Warner Bros.' "Tomb Raider" reboot debuted at No. 2, earning $23.5 million.

Lionsgate-Roadside Attractions' faith-based drama I Can Only Imagine outperformed forecasts with $17.1 million at 1,629 venues, notching the top per-screen average in the top 10 with $10,476.

Another new film earning the coveted "A+" from CinemaScore was the Fox release Love, Simon.

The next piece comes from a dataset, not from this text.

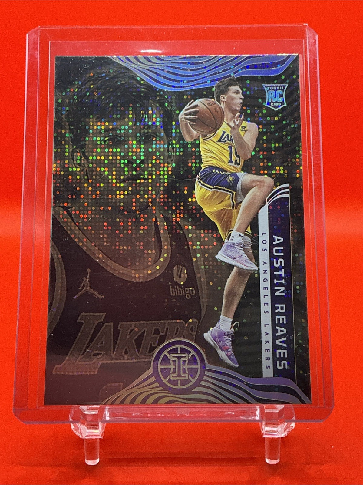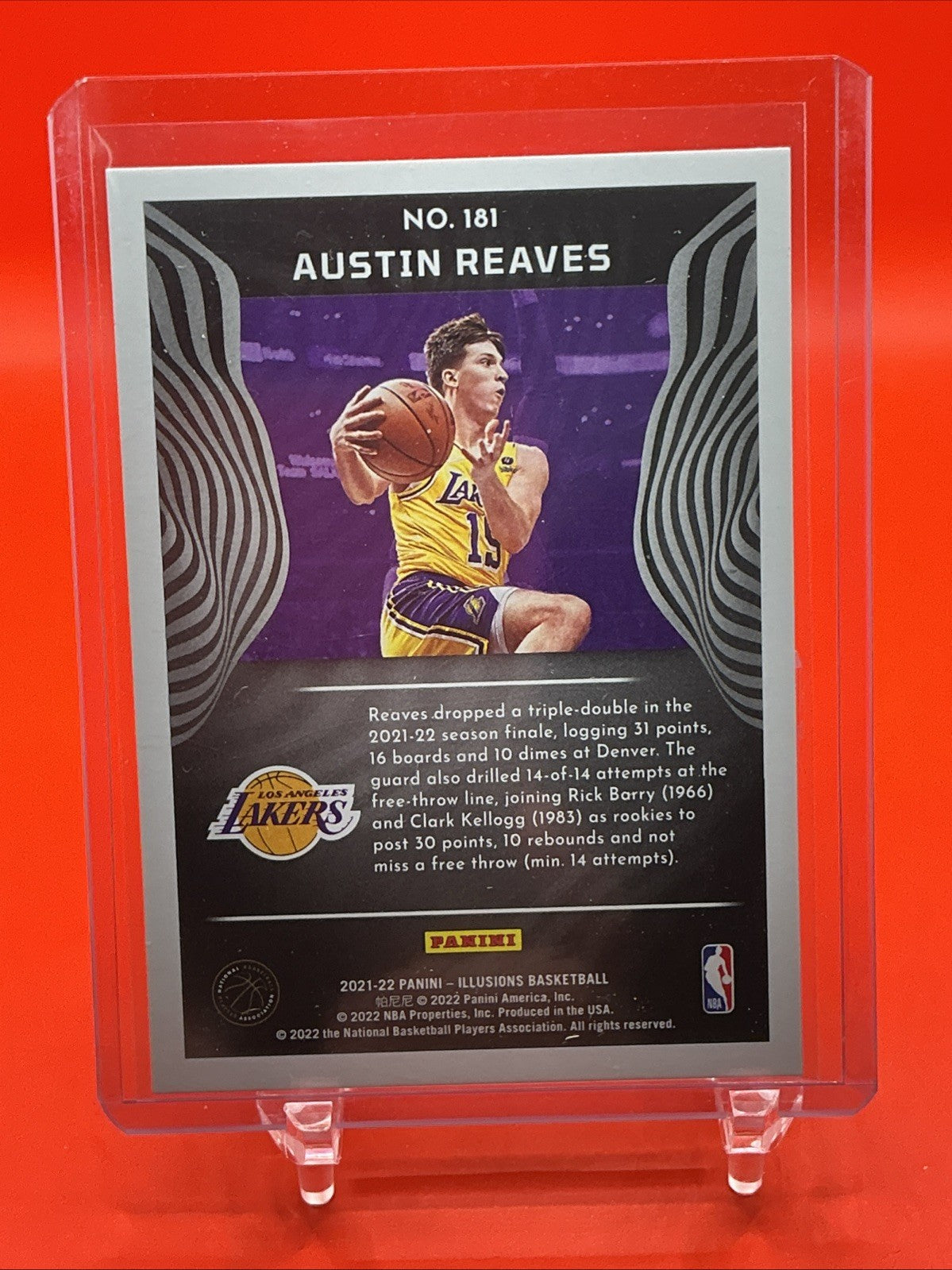The 2021-22 Panini Illusions Austin Reaves Rookie #181 Trophy Collection Bronze RC trading card features the standout player from the Los Angeles Lakers. Manufactured in 2022, this original card is made of high-quality card stock with a 35 Pt. thickness. With a unique Trophy Collection Bronze parallel variety, this limited edition card is a must-have for collectors and fans of the NBA and basketball trading cards. This card is part of the 2021-22 Panini Illusions Basketball set and showcases the rookie season of Austin Reaves, making it a valuable addition to any sports memorabilia collection.

"Black Panther continues to astonish as it shows incredible strength fully five weeks into its fantastic run as it takes on another batch of notable newcomers and comes out on top", veteran box office tracker Paul Degarabedian says. Simon, starring Nick Robinson as a conflicted high schooler, notched an A+ CinemaScore with the audience, giving Fox execs hope for strong word of mouth and extended playability.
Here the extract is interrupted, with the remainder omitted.